Летом 1923 года вожди отбыли отдыхать. Зиновьев и Бухарин отправились в Кисловодск, оставив в Москве Каменева.
Генсек, конечно же, сидит в изнывающей от жары Москве. Не до отдыха – работа, бесконечная работа. К тому же его тревожит странное улучшение здоровья Вождя.
В летнем перерыве борьбы с Троцким Зиновьев и Бухарин решают нажать на Сталина – заставить его поделиться властью. Отдыхающие пишут ему шутливо: «29.07.23… Два обывателя предлагают ввести в секретариат для консолидации Зиновьева, Троцкого, Сталина».
Но содержание письма нешуточное: они задумали уравнять шансы. В этом случае, чтобы побеждать ненавидящего его Троцкого, Сталин будет вынужден постоянно блокироваться с Зиновьевым, то есть выполнять решения «тройки». Он мог только усмехнуться: нашли глупца!

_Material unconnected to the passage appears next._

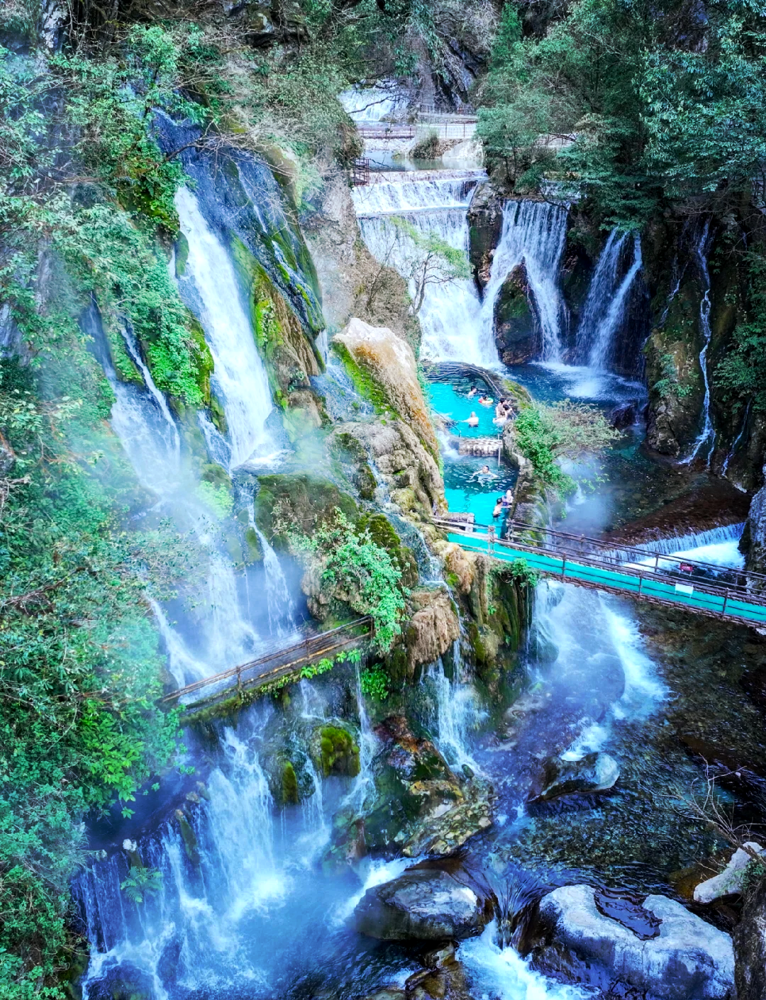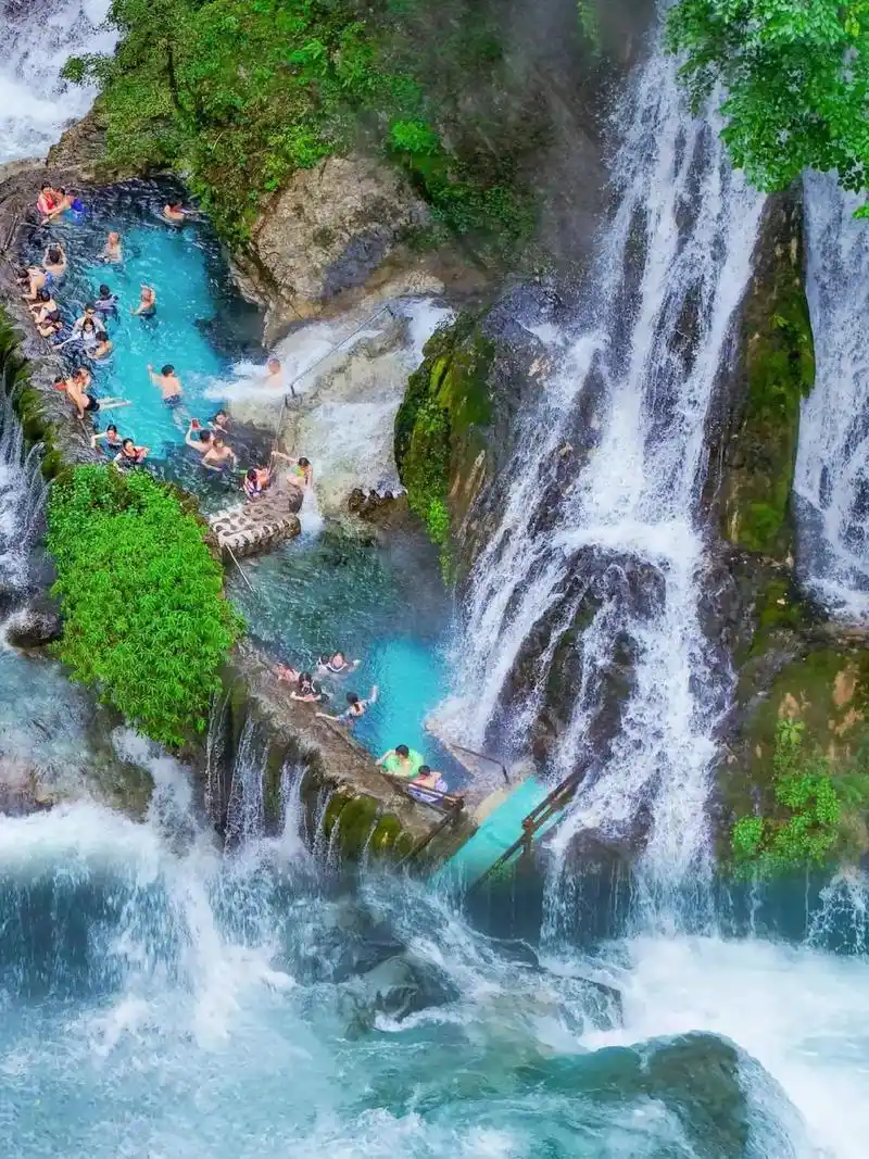 ♨️温泉体验:景区有三处泡温泉的地方,悬崖瀑布温泉、温泉群岛和山顶的溶洞瀑布温泉。上山第一个悬崖瀑布一定要拍,非常出片;再往上走是大大小小的泡池;山顶的洞穴瀑布温泉,水深约1.5米,不会游泳也没关系,扶着崖壁就能走过去,拍照堪比巴厘岛。

Тогда же Зиновьев пишет Каменеву: «И ты позволяешь Сталину так прямо издеваться (далее он сообщает бесконечные факты самоуправства Сталина, пока они отдыхают. – Э.Р.)… Мы этого терпеть больше не будем…»
Конечно, Генсек в курсе их переписки. Верное ГПУ уже следит за каждым из них. Но он знает средство заставить их успокоиться. Он пишет Бухарину и Зиновьеву: «Не пойму, что я должен сделать, чтобы вы не ругались. Было бы лучше, если бы вы прислали записочку – ясную и точную. Все это, конечно, в том случае, если вы в дальнейшем за дружную работу (я… стал понимать, что вы не прочь подготовить разрыв, как нечто неизбежное)… Действуйте, как хотите. Дней через 8–10 уезжаю в отпуск (устал, переутомился). Всего хорошего.
Постскриптум. Счастливые вы, однако, люди. Имеете возможность измышлять на досуге всякие небылицы… а я тяну здесь лямку, как цепная собака, изнывая. Причем я же оказываюсь виноватым. Этак можно извести хоть кого. С жиру беситесь, друзья мои. И. Ст.».
Средство действует безотказно. Упоминание об отставке смертельно пугает. Если уйдет Сталин – может прийти Троцкий. То же он сможет проделать и с Троцким, который также знает: уйдет Сталин – придут Зиновьев и компания. Да, они боятся его – «грубого, примитивного грузина», но куда больше боятся друг друга. Он легко просчитал: их страх и взаимная ненависть обеспечат нужный ему финал шахматной партии.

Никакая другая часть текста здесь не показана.